I’ve walked its street many times, down Boulevard Strasbourg in the 10e, but my eyes had always been somewhere else before, so until last fall I had never noticed the Theatre Antoine.
And it wasn’t until I was long home and sorting pictures that it became anything more than a few images of 19th-century facade decoration in my mind.
But it didn’t take long to discover that not only is it still operating (gates covered the front when I passed) but is still, as it has been for most of its 150-year history, a venue for experimental and avant-garde theatre. In the 1940s, it saw the premieres of most of Jean-Paul Sartre’s plays.
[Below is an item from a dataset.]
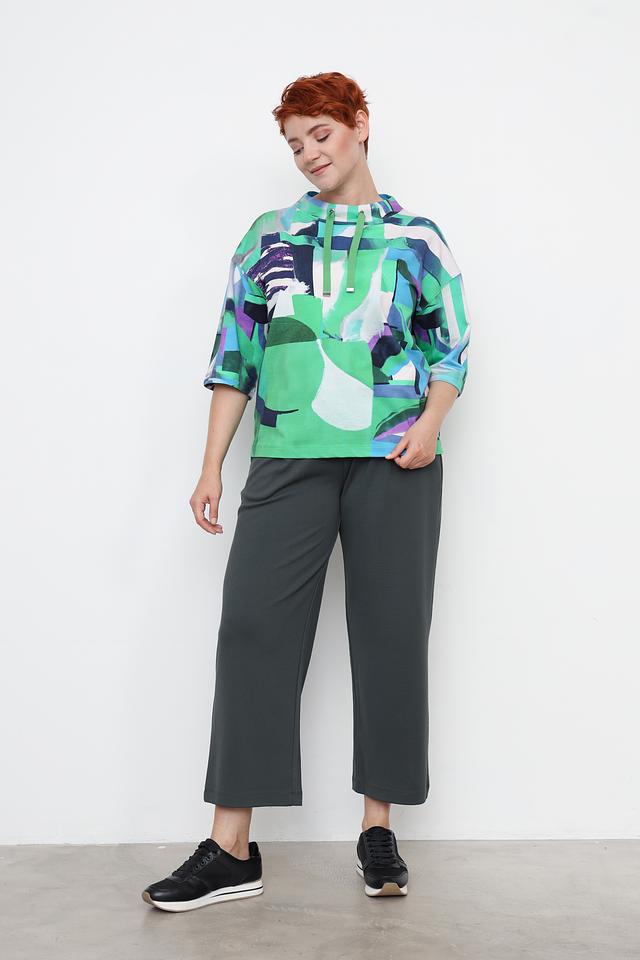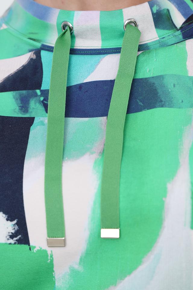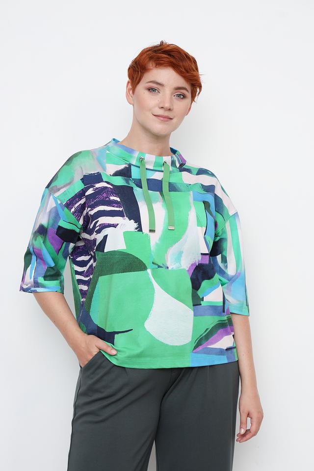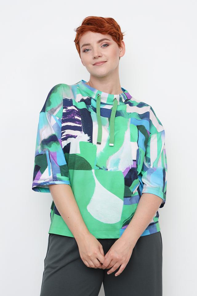 Женский пуловер Rabe collection зеленого цвета с ярким абстрактным принтом и короткими рукавами. Модель с округлым вырезом горловины и небольшим капюшоном, дополненным шнурками. Изготовлен из мягкого и приятного к телу трикотажа. Состав: хлопок 60%, вискоза 35%, эластан 5%

Other notable names that have had connections over the years include Albert Camus, Jean Cocteau and Arthur Miller; directors who have worked there include Peter Brook, Sacha Guitry and Simone Berriau who ran the theatre for many years. Isabelle Huppert, Anouk Aimee, Jeanne Moreau Gerard Depardieu and Jean-Louis Trintignant are among those who’ve performed there.
It’s passed through several sets of hands, of course, since Andre Antoine was forced to sell it in 1994 when he ran out of money. But then, it had already had a number of names when he bought it in 1888. It was built in 1866 as the Theatre des Menus-Plaisirs, and was later Theatre des Arts, Opera-Bouffe and Comedie-Parisienne. The street decorations, dated 1880 and 1881 are probably the Comedie’s additions.
Antoine’s theatre company, the ‘Free Theatre’ or Theatre Libre only lasted eight years, but it was a pioneering presenter of naturalistic theatre and had a long influence on other companies.